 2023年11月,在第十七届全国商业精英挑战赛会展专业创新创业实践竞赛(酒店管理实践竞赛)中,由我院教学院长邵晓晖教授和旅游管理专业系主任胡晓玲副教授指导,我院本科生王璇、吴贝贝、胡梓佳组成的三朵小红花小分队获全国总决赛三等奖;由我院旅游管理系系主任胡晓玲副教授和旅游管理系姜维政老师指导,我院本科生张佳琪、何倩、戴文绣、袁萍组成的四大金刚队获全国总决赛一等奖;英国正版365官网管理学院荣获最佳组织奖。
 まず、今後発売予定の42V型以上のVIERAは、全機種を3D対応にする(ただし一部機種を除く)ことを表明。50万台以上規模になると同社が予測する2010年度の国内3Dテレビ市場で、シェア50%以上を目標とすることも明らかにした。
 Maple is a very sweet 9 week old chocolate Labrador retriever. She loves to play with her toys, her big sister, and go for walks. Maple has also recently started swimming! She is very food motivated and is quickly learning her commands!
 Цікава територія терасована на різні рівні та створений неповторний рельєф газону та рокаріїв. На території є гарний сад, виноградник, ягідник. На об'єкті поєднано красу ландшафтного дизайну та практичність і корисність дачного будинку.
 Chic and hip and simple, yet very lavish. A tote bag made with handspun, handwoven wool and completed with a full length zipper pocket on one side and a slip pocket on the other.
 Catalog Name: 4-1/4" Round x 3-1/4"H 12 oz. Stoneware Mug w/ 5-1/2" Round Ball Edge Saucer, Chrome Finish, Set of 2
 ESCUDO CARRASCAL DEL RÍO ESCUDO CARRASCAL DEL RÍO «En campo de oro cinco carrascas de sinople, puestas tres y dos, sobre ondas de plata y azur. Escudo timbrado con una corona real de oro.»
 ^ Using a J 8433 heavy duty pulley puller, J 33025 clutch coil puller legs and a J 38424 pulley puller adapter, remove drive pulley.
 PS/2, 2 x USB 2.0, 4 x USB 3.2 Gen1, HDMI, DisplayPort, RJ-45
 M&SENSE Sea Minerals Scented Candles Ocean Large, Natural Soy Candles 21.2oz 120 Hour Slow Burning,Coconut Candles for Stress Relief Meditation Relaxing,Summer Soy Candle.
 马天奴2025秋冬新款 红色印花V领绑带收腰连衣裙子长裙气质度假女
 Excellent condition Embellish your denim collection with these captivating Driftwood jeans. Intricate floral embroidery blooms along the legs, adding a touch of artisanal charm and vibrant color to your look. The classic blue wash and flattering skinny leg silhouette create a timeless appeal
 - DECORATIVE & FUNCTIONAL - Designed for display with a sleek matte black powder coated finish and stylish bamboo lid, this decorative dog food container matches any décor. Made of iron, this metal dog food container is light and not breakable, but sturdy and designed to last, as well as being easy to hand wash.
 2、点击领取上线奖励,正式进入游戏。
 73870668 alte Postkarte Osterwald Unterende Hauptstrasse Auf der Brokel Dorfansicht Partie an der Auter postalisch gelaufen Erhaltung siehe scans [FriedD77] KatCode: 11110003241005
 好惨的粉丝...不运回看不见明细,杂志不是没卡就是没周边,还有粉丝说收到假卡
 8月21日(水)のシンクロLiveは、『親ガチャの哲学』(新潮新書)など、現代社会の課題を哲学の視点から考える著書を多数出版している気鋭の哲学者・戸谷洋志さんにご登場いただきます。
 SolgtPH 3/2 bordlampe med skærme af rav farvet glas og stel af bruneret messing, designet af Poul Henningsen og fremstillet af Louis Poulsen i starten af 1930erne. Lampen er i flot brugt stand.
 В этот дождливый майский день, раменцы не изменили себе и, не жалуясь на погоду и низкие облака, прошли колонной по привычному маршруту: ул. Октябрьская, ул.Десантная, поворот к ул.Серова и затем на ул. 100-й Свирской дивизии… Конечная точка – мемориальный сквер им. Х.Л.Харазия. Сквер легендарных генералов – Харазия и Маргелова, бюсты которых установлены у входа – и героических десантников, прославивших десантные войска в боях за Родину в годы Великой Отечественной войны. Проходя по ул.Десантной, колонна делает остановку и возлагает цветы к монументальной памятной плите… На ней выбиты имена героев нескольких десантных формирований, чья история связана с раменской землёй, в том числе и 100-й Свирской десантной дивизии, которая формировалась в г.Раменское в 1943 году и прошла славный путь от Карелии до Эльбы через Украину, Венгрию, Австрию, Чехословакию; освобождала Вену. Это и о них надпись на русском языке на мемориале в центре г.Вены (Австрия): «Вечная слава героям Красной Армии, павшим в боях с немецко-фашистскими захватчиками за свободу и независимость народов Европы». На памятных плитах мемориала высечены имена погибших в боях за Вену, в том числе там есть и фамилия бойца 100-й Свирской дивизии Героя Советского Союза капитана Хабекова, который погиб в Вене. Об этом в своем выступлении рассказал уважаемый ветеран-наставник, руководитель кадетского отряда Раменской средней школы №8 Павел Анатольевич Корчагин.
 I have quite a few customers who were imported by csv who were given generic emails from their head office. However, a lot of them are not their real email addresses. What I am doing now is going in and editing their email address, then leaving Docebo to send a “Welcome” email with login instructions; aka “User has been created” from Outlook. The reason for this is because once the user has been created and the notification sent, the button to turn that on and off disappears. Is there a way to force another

┄┄┄┄┄┄┄┄┄┄┄┄┄┄┄┄┄┄┄┄

• Problem to solve:
Give back, word for word, only the lines above from the line holding "Цікава територія терасована" to the line holding "PS/2, 2 x USB", both included.

• Output:
 Цікава територія терасована на різні рівні та створений неповторний рельєф газону та рокаріїв. На території є гарний сад, виноградник, ягідник. На об'єкті поєднано красу ландшафтного дизайну та практичність і корисність дачного будинку.
 Chic and hip and simple, yet very lavish. A tote bag made with handspun, handwoven wool and completed with a full length zipper pocket on one side and a slip pocket on the other.
 Catalog Name: 4-1/4" Round x 3-1/4"H 12 oz. Stoneware Mug w/ 5-1/2" Round Ball Edge Saucer, Chrome Finish, Set of 2
 ESCUDO CARRASCAL DEL RÍO ESCUDO CARRASCAL DEL RÍO «En campo de oro cinco carrascas de sinople, puestas tres y dos, sobre ondas de plata y azur. Escudo timbrado con una corona real de oro.»
 ^ Using a J 8433 heavy duty pulley puller, J 33025 clutch coil puller legs and a J 38424 pulley puller adapter, remove drive pulley.
 PS/2, 2 x USB 2.0, 4 x USB 3.2 Gen1, HDMI, DisplayPort, RJ-45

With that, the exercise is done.